The electron-cyclotron resonance (ECR) ion source was conceived by Richard Geller as a means of producing the high ion currents needed for fusion applications. Later it was discovered that ECR sources were capable of providing highly charged ions as well as high currents of 1⁺ ions. The basic operating principle of the ECR source is to confine the plasma in vacuum chamber surrounded by an axial magnetic field produced by solenoid magnets. Electrons in the plasma follow circular orbits around the magnetic field lines. The time required for an electron to travel around the circumference of the circle is a proportional to the charge-to-mass ratio of the electron and the strength of the magnetic field. Therefore electrons always make a specific number of orbits per second–the cyclotron frequency, approximately 2.79 GHz per kiloGauss. Introducing radiofrequency (rf) power at the cyclotron frequency causes the electrons to speed up, i.e. the electrons gain energy from the rf fields. These electrons collide with residual gas atoms in the vacuum chamber. When the energy of an electron exceeds twice the binding energy of an atom, that atom can be ionized in the collision. The result is a positively charged ion and two electrons. These two electrons absorb more energy from the rf field and ionize more atoms. The number of electrons and ions increases rapidly after the rf power is turned on, resulting in a plasma comprised of positively charged atoms and negatively charged electrons.
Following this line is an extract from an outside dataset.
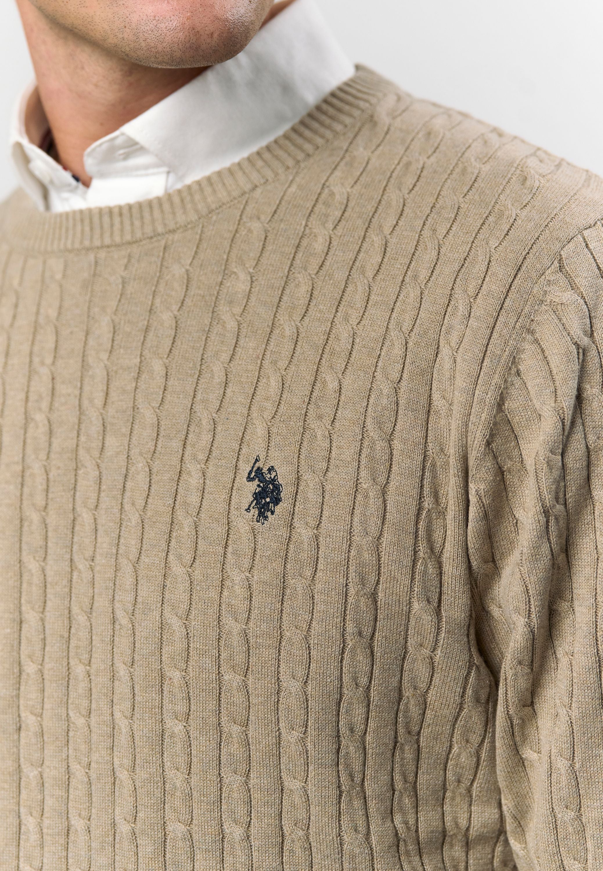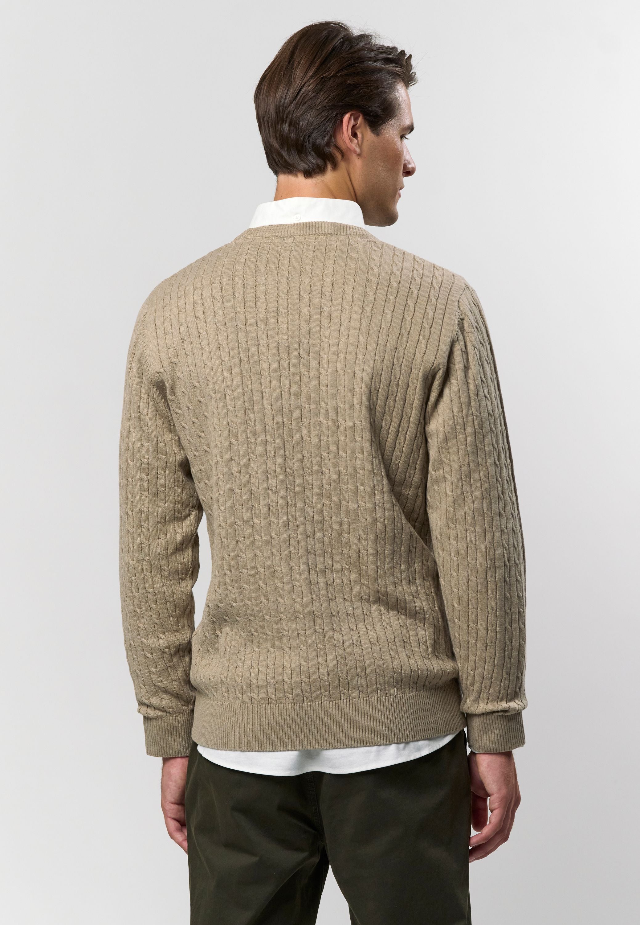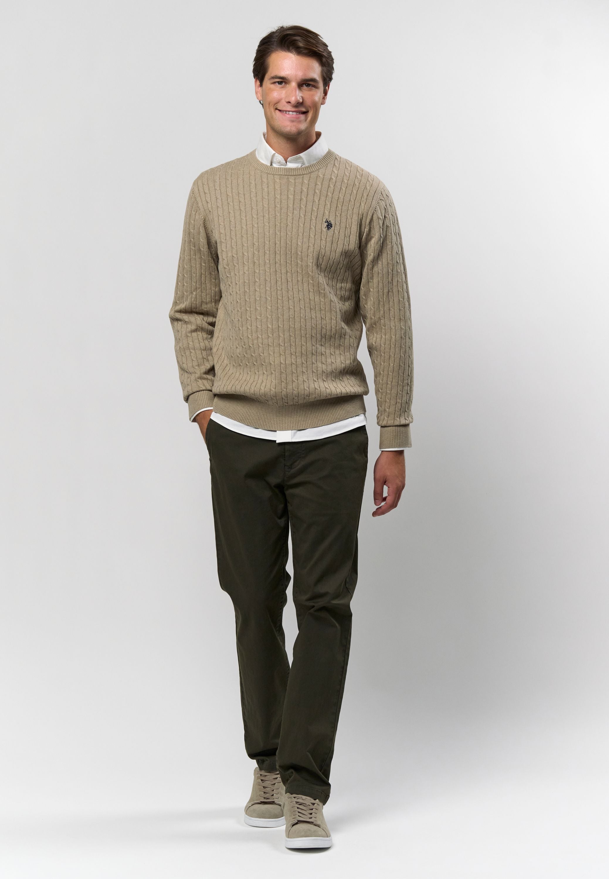 Mads är en mysig kabelstickad tröja som kombinerar tidlös elegans med komfort. Den klassiska designen med rund halsringning och ribbade kanter gör att tröjan passar utmärkt till både avslappnade och formella looks. Bär den som den är för en stilren look eller styla den med en skjorta under för en mer sofistikerad stil. Den broderade logotypen på bröstet ger en diskret och exklusiv touch vilket gör Mads till ett måste i varje garderob. Perfekt till vardagliga eller avslappnade tillfällen.

In general, ECR sources come in two varieties: 1) high currents of low charge-state ions and 2) low currents of highly charged ions. The characteristics of these two varieties are generally incompatible. Highly charged ions require excellent plasma confinement and relatively low vacuum pressure (to limit charge-sharing collisions that reduce the average ionization number). Low charge-state sources are essentially plasma “buckets” that require relatively little confinement and operate at higher pressures to improve the probability of ionizing each atom in the bucket at least once. 

ECR sources have also been designed as charge-breeders to ionize radioactive nuclei produced in nuclear reactions. Nuclear physicists want to study nuclei far from the “island of stability” in the chart of nuclides. None of these nuclei are stable and most decay within a few seconds of being produced, so the only way to study them is to be very efficient at collecting and accelerating them in a beam.